## **Random Forest Classifier**

Random forests or random decision forests are an ensemble learning method for classification, regression and other tasks that operate by constructing a multitude of decision trees at training time and outputting the class that is the mode of the classes (classification) or mean prediction (regression) of the individual trees. Random decision forests correct for decision trees' habit of overfitting to their training set.


In [1]:
import pandas as pd
from sklearn.ensemble import RandomForestClassifier
from sklearn.metrics import accuracy_score, confusion_matrix
from sklearn.model_selection import train_test_split, GridSearchCV, cross_val_predict, KFold
from sklearn import datasets

## **Dataset Loading**

We will load data from the csv dataset

In [2]:
credit_data = pd.read_csv("./credit_data.csv")

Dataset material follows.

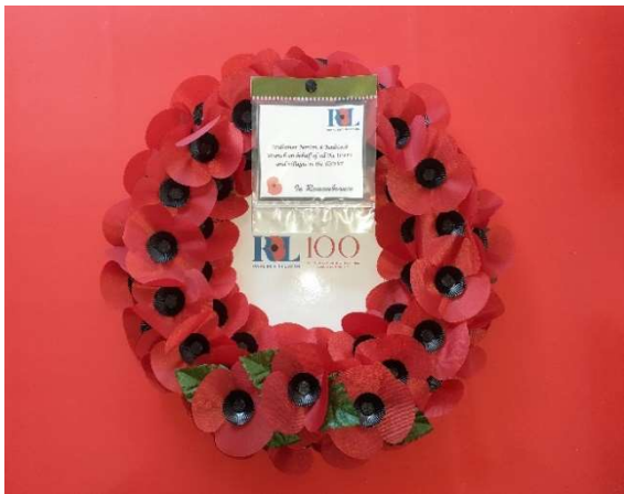
Example of a typical wreath with badge.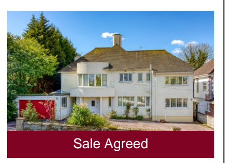
17 Muchall Road, Penn, Wolverhampton

## **Features Extraction**

To apply a classifier on this data, we need to extract features and target data and split it into test and train.

In [3]:
features = credit_data[["income","age","loan"]]
targets = credit_data.default

feature_train, feature_test, target_train, target_test = train_test_split(features,targets,test_size=0.2)

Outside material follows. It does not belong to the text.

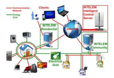
Fig.3. Schematic diagram of INTELEM Project.

EMS will be able to adapt to the environment, grid and user requirements. In this context, it can be referred the project INTELEM (Fig.3) that implements ideas related with the smart storage. In this project the smart storage is based in two systems implementing a master/slave configuration that integrated electric grids and communication networks.

## **Finding an Optimal Value**

It may take upto 45min in execution on Colab or maybe hours in your local desktop, based on processing power.

In [4]:
param_grid = {
    'max_depth': [1,5,10,15],
    'n_estimators' : [10,100,500,1000],
    'min_samples_leaf' : [1,2,3,4,5,10,15,20,30,40,50]
    }

grid_search = GridSearchCV(estimator=RandomForestClassifier(n_jobs=-1,max_features = 'sqrt'), param_grid=param_grid,cv=10)
grid_search.fit(feature_train, target_train)

print(grid_search.best_params_)

optimal_estimators = grid_search.best_params_.get("n_estimators")
optimal_depth = grid_search.best_params_.get("max_depth")
optimal_leaf = grid_search.best_params_.get("min_samples_leaf")

KeyboardInterrupt: 

## **Training the Model**

We will use Random Forest Classifier for training the model.

In [None]:
best_model = RandomForestClassifier(n_estimators=optimal_estimators, max_depth = optimal_depth,min_samples_leaf = optimal_leaf)
k_fold = KFold(n_splits=10,random_state=123)

predictions = cross_val_predict(best_model,feature_test,target_test,cv=k_fold)



## **Printing an Error Matrix and Accuracy Score**

In [None]:
print(confusion_matrix(target_test,predictions))
print(accuracy_score(target_test,predictions))

[[336   6]
 [ 13  45]]
0.9525